With a renewed sense of purpose, the old man followed Charity to an abandoned building, where she turned to him and said, “I just have a few things I would like to take with me, a picture of my family, a couple of books, you know stuff like that. You wanna see inside?”

Marcus being curious as to how an eleven year old survives alone, quickly accepted the offer. “Sure, lead the way.”

Charity took him by the hand and led him through the collapsing doorway, “watch your step here” was the last thing Marcus heard her say. There was a bone crunching blow to the back of his head, and he collapsed forward in a heap. Blood was beginning to trickle from the opening in his skull, and he let out a moan before rooster boy one brought the iron pipe down with enough force to collapse the back of his skull. Marcus’ fingers twitched momentarily, and one of his pupils completely dilated, the other was unseen due to it lolling back into his head as if trying to stare at the injury.

“Wooohooo!
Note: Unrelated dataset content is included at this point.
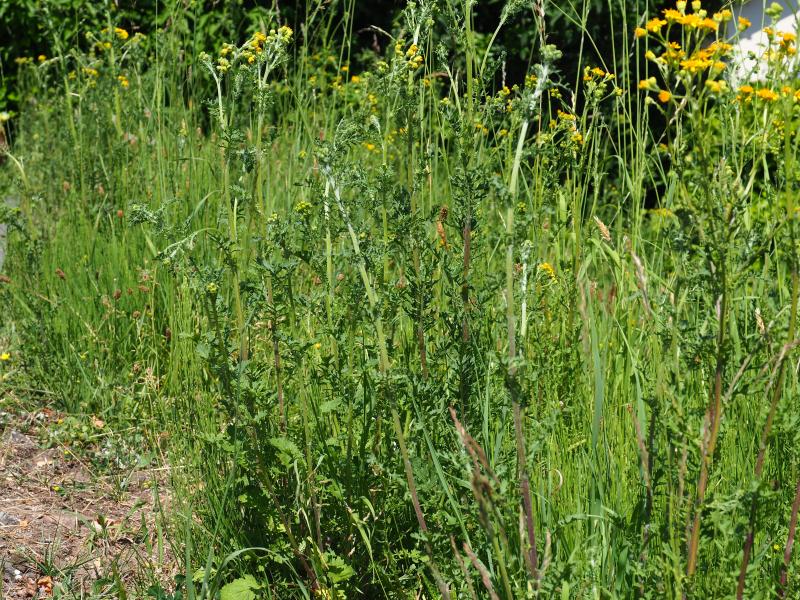 was ich meine ist das Gewöhnliche Greiskraut, glaube ich. Senecio vulgaris. Kann man das mit der Ambrosia verwechseln, um die so ein Geschrei gemacht wird?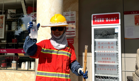 在位于永陽街道便民服務中心的農商行“愛心冰水”投放點,一位全身汗濕的環衛工人取出冰水,稍事休息,感受炎夏的“溫暖”涼意。他說:“天氣這么熱,有了這個愛心冰柜,戶外工作更加安心,我們真的很感謝!”

Home run, Chuck!” Rooster boy two bellowed, strutting around the felled victim. “You’re getting good at this” he said before rifling through the dead mans’ pockets like a scavenger.

“Charity here is the good one,” Rooster boy one replied, kissing the young girl on the mouth. “She reels ‘em in with the ‘innocent child’ con, and we finish ‘em off. How much did you take off that deaf guy before he splattered himself all over the front of that truck?”

“Oh, he only had a couple of bucks and a little change. Today wasn’t one of his better days” she replied, lighting a cigarette and inhaling deeply. “I wish you guys hadn’t busted up the instrument. We could have pawned it for a few dollars.”

“Yeah, well if the stupid fuck hadn’t put up such a fight; we would have just taken it and been done” rooster boy two chimed in. “And this old geezer had a little more than pocket change” he added counting the bills with a flurry. “Seven hundred dollars…this should last us for a few weeks.”

“Yeah, this was a good mark. Great job Charity. Let’s get outta here and grab some chow, huh?” rooster boy one conclude.

“Just a second,” Charity said kneeling near the old man. She leaned over close to his ear and whispered “to answer your question from earlier…’Humanity’ is just doing what it has done since the beginning of our time, we just haven’t learned from our past.” She kissed him on the forehead and hopped up, trotting to catch up with the other two miscreants.